| Dataset excerpts |
*****

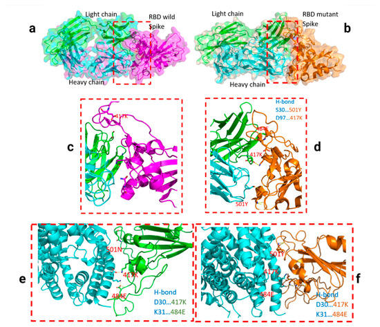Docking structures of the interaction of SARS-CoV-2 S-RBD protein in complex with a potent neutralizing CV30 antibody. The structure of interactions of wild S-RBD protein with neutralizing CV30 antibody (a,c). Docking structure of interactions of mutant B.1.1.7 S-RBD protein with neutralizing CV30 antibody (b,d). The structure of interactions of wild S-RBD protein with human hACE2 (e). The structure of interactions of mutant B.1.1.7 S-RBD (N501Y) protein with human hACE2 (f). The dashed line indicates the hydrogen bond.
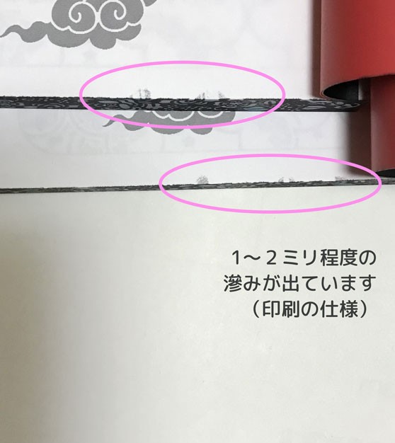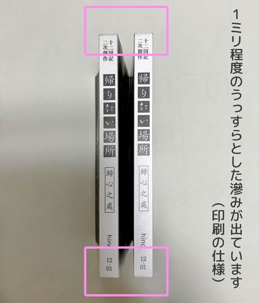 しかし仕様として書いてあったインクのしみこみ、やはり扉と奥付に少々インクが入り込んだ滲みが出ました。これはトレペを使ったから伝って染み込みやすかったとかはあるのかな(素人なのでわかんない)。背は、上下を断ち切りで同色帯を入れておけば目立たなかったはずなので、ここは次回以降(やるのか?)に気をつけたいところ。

*****

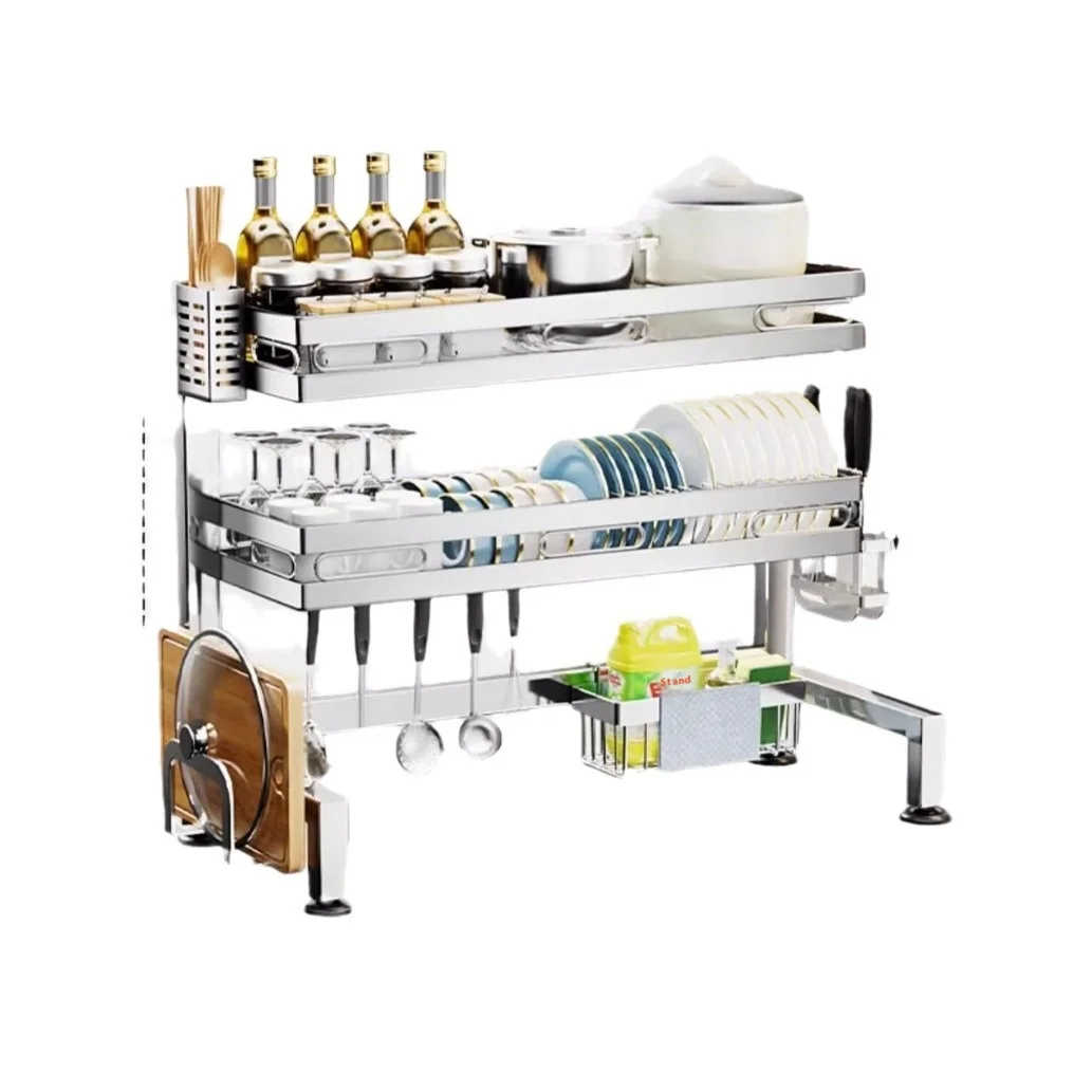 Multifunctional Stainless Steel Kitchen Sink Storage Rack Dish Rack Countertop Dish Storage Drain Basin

*****

In the listing above, find the line with "Docking structures of" and the line with "しかし仕様として書いてあった". Set down both and every line between them, minus the pictures.

| Exercise solution |
Docking structures of the interaction of SARS-CoV-2 S-RBD protein in complex with a potent neutralizing CV30 antibody. The structure of interactions of wild S-RBD protein with neutralizing CV30 antibody (a,c). Docking structure of interactions of mutant B.1.1.7 S-RBD protein with neutralizing CV30 antibody (b,d). The structure of interactions of wild S-RBD protein with human hACE2 (e). The structure of interactions of mutant B.1.1.7 S-RBD (N501Y) protein with human hACE2 (f). The dashed line indicates the hydrogen bond.
 しかし仕様として書いてあったインクのしみこみ、やはり扉と奥付に少々インクが入り込んだ滲みが出ました。これはトレペを使ったから伝って染み込みやすかったとかはあるのかな(素人なのでわかんない)。背は、上下を断ち切りで同色帯を入れておけば目立たなかったはずなので、ここは次回以降(やるのか?)に気をつけたいところ。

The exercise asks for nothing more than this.